Second Department of Thoracic Surgery, Beijing Chest Hospital, Capital Medical University, Beijing, China.
Third Department of Thoracic Surgery, Beijing Chest Hospital, Capital Medical University, Beijing, China.
J Cancer Res Clin Oncol. 2023 Aug;149(9):6541-6548. doi: 10.1007/s00432-023-04616-2. Epub 2023 Feb 13.
Lung cancer is the most common form of cancer and the leading cause of cancer death. For familial lung cancer, identification of causing genetic factors is essential for prevention and control of non-lung cancer in carriers.
We studied two generations of a family with suspected inherited lung cancer susceptibility. Four individuals in this family had lung adenocarcinoma. To identify the gene(s) that cause the lung cancer in this pedigree, we extracted DNA from the peripheral blood of four cancer individuals and blood from three cancer-free family members as the control and performed whole-genome sequencing. Our filtering strategy includes, assessment of allele frequency, functional affection on amino acids, mutation accumulation, phased blocks and evolution analysis towards the alterations.
We identified two possible mutations, including PLEKHM2 (D134N) and MCC (R448Q) in all affected family members but did not found in the control group. Then, we performed a genetic susceptibility screening for 10 non-lung cancer relatives and found two individuals with PLEKHM2 (D134N) mutation, two with MCC (R448Q) mutation and one carrying both mutations. 3 carriers performed LDCT scan and 2 of them carried MCC (R448Q) also had ground-glass opacity (GGO) lesion in their lung.
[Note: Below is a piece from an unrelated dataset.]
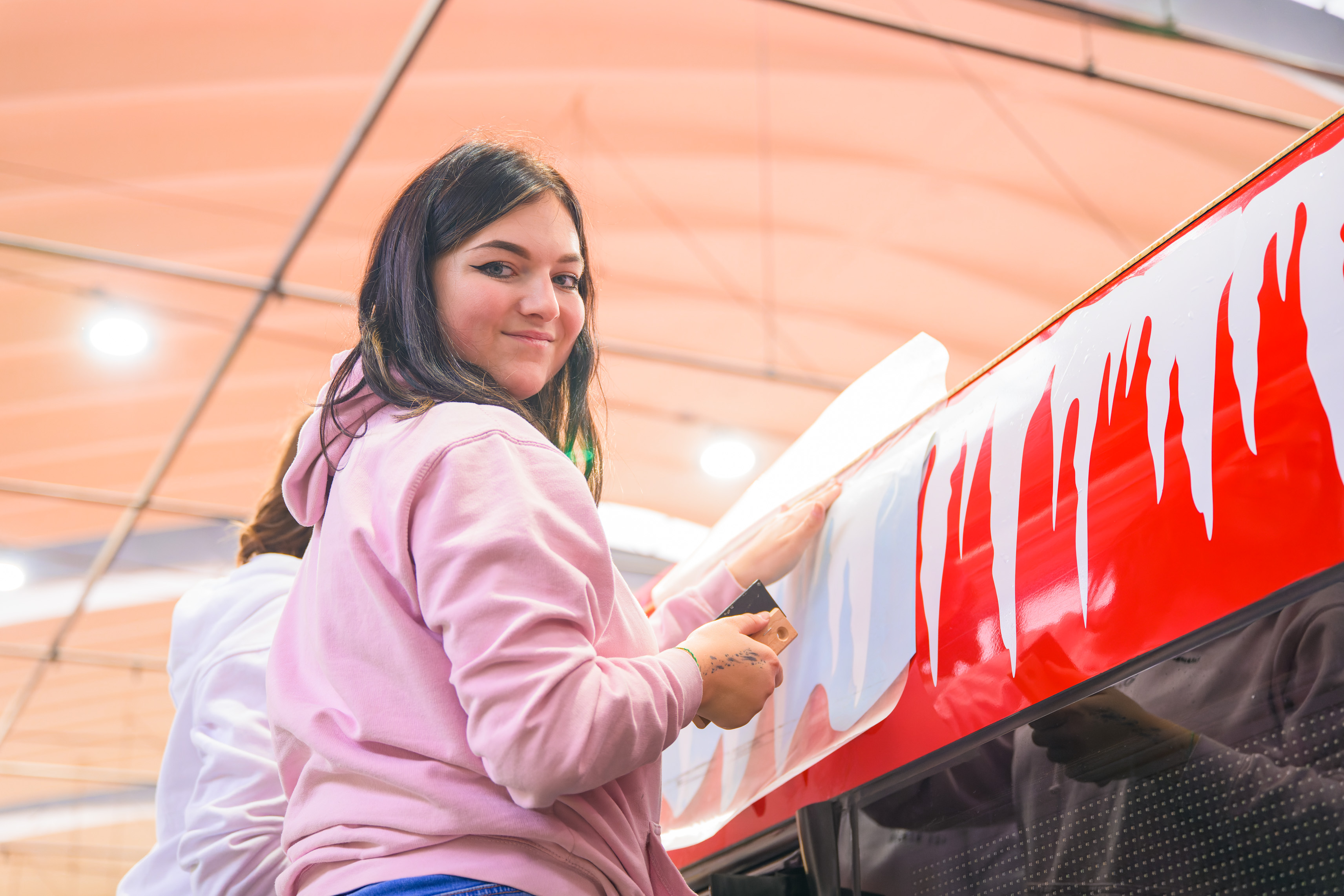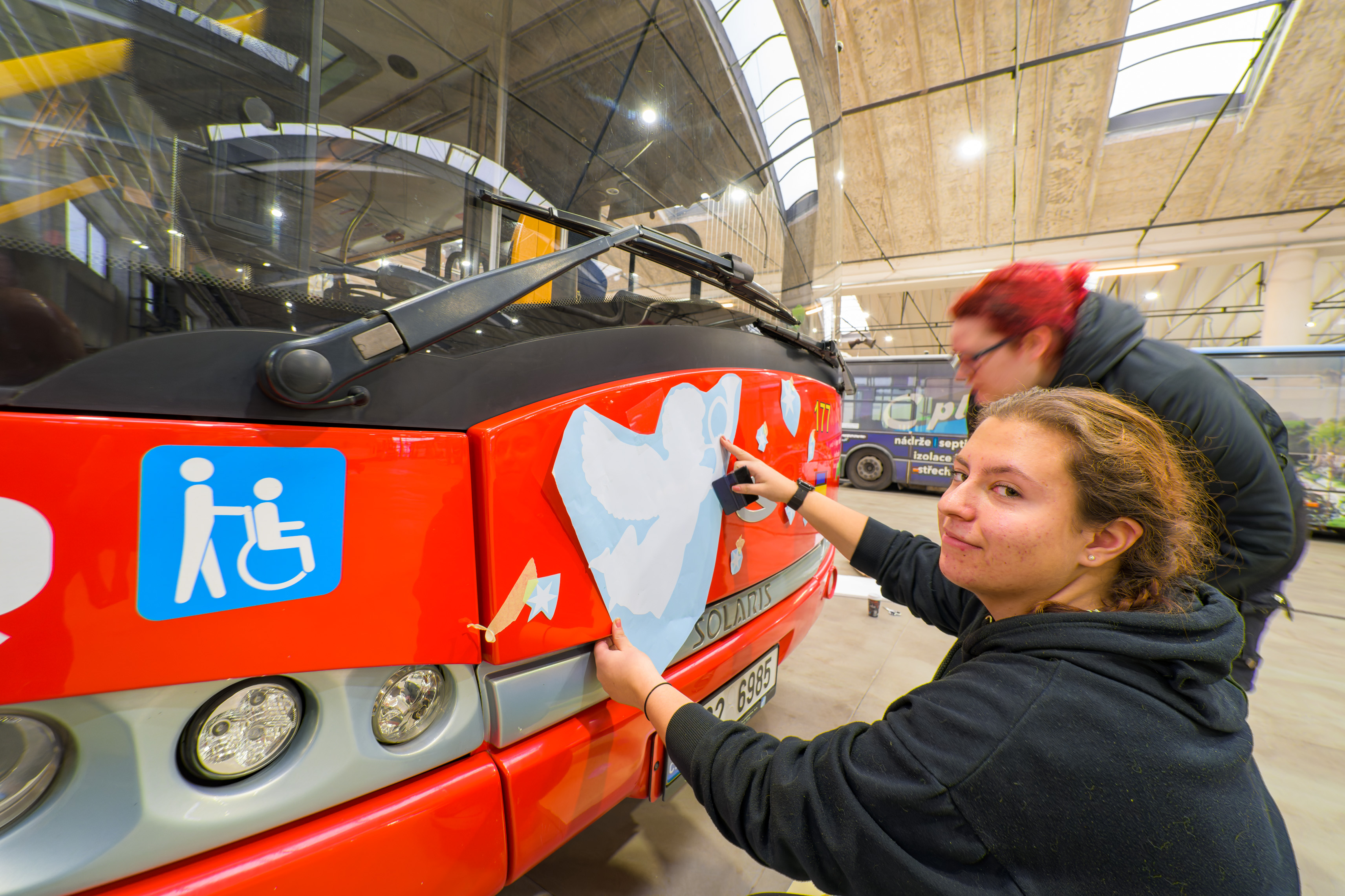„V rámci skupinového projektu studenti druhého ročníku vytvořili grafický návrh a následně se pustili do samotného autorského zpracování siluet vesniček, vloček, rampouchů a nápisů. Také výřezy z fólií dělali žáci pod naším dohledem na řezacím plotteru sami. Polepy vozidel už dříve připravovali, tato zakázka je pro ně ale zatím největší. Pro žáky je to velmi přínosná příležitost, na které se mohou oborově rozvíjet,“ popisuje Kateřina Rossmannová, učitelka aranžérství ze SŠO.

Our data suggested that WGS together with our filtering strategy was successful in identifying PLEKHM2 (D134N) and MCC (R448Q) as the possible driver mutations in this family. Genetic susceptibility screening of non-lung cancer carriers will be a useful approach to prevent and control lung cancer in families with high-risk for the disease.
肺癌是最常见的癌症类型,也是癌症死亡的主要原因。对于家族性肺癌,确定致病遗传因素对于预防和控制携带者中非肺癌的发生至关重要。
我们研究了一个疑似遗传性肺癌易感性的家族的两代人。该家族中有 4 个人患有肺腺癌。为了确定该家系中导致肺癌的基因,我们从 4 名癌症个体的外周血和 3 名无癌症家族成员的血液中提取 DNA 作为对照,并进行全基因组测序。我们的筛选策略包括评估等位基因频率、对氨基酸的功能影响、突变积累、相位块和对改变的进化分析。
我们在所有受影响的家族成员中均发现了两个可能的突变,包括 PLEKHM2(D134N)和 MCC(R448Q),但在对照组中未发现。然后,我们对 10 名非肺癌亲属进行了遗传易感性筛查,发现 2 名个体携带 PLEKHM2(D134N)突变,2 名个体携带 MCC(R448Q)突变,1 名个体同时携带这两种突变。3 名携带者进行了 LDCT 扫描,其中 2 名携带 MCC(R448Q)的携带者肺部有磨玻璃样混浊(GGO)病变。
我们的数据表明,WGS 结合我们的筛选策略成功地确定了 PLEKHM2(D134N)和 MCC(R448Q)作为该家族中可能的驱动突变。对非肺癌携带者进行遗传易感性筛查将是预防和控制高危家族肺癌的有效方法。